In deciding these two cases, the First and Fourth Circuits both recognized that, when a plan vests its administrator with discretion to interpret and apply the plan’s provisions, the administrator’s decisions are accorded deference and only reviewed for abuse of discretion. Interestingly, because the plan in Stanford was administered and funded by the same party, the Fourth Circuit took extra care to scrutinize whether this conflict of interest impacted the administrator’s decision.

Despite the additional scrutiny, the Fourth Circuit in Stanford concluded that the plan administrator had not abused its discretion in denying the benefits. In its decision, the court recognized that the question of whether the risk of addiction relapse constitutes a disability had been the subject of reasonable disagreement in the lower courts. That reasonable minds have disagreed on this issue was an important factor that led the court to determine that the administrator’s decision was not an abuse of discretion.

The court distinguished between the risk of relapse of a physical condition which might be directly caused by one’s job duties, and outside the control of the employee, and the risk of relapse of an addiction that might result from the availability of the drugs at the employee’s job but is ultimately within the control of the employee. The court acknowledged that the outcome of its decision meant that if the employee continued to be addicted to drugs he could receive disability benefits, but that once he had entered recovery he could not. The court emphasized, however, that this did not encourage drug use because recovery allowed the employee to take advantage of opportunities that he did not have as an addict, even though, in this case, the employee could not return to his original position because of a revoked license.

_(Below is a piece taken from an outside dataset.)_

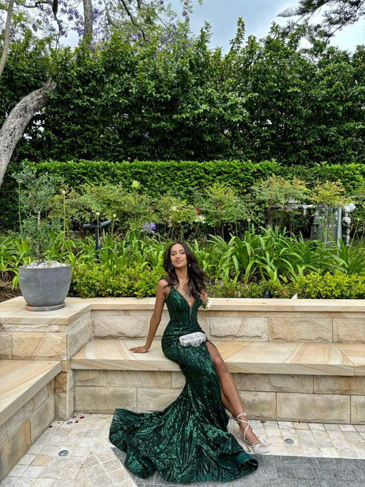 Green V-neck shiny fashion long sequins elegant mermaid slim fit formal floor-length prom dress evening gown party dress nv3474

Although the First Circuit recognized that its decision would create a split in the circuits, the court in the Colby case concluded that the plan administrator had abused its discretion in denying benefits. Like the Fourth Circuit did in Stanford, the First Circuit in Colby looked to whether, after leaving rehab, the employee’s risk of relapse prevented her from performing the material duties of her regular occupation. The First Circuit found that the employee’s exposure to Fentanyl if she returned to her job was likely to trigger the conditions of her addiction, and that for at least a period of time after leaving rehab, she could not perform her job because of the significant risk of relapse. The court recognized that the risk of relapse might progressively diminish over time to the point that it would no longer be covered as a present disability, but declined to determine what this point would be since the focus of the case was whether risk relapse could ever be a disability.

Because of the absence of exclusionary language in the plan document, the court ultimately concluded that excluding the risk of relapse from the definition of disability was unreasonable. In its decision, the court emphasized that the discretion of an ERISA plan administrator is confined by the text and plain meaning of the plan document. The court rejected the administrator’s argument that risk of relapse was excluded from the definition of disability by virtue of an unwritten textual exclusion, noting that this logic would effectively exclude from coverage the risk of relapse of any physical or mental disability.

The fact that two circuit courts applying the same standard of review to nearly identical sets of facts could reach completely opposite conclusions demonstrates just how difficult it is to determine the line at which a plan administrator’s decision will be deemed unreasonable. In order to avoid placing the plan administrator in a difficult position that could ultimately lead to costly litigation, plan documents should include clear and detailed definitions and exclusions to guide the administration of the plan.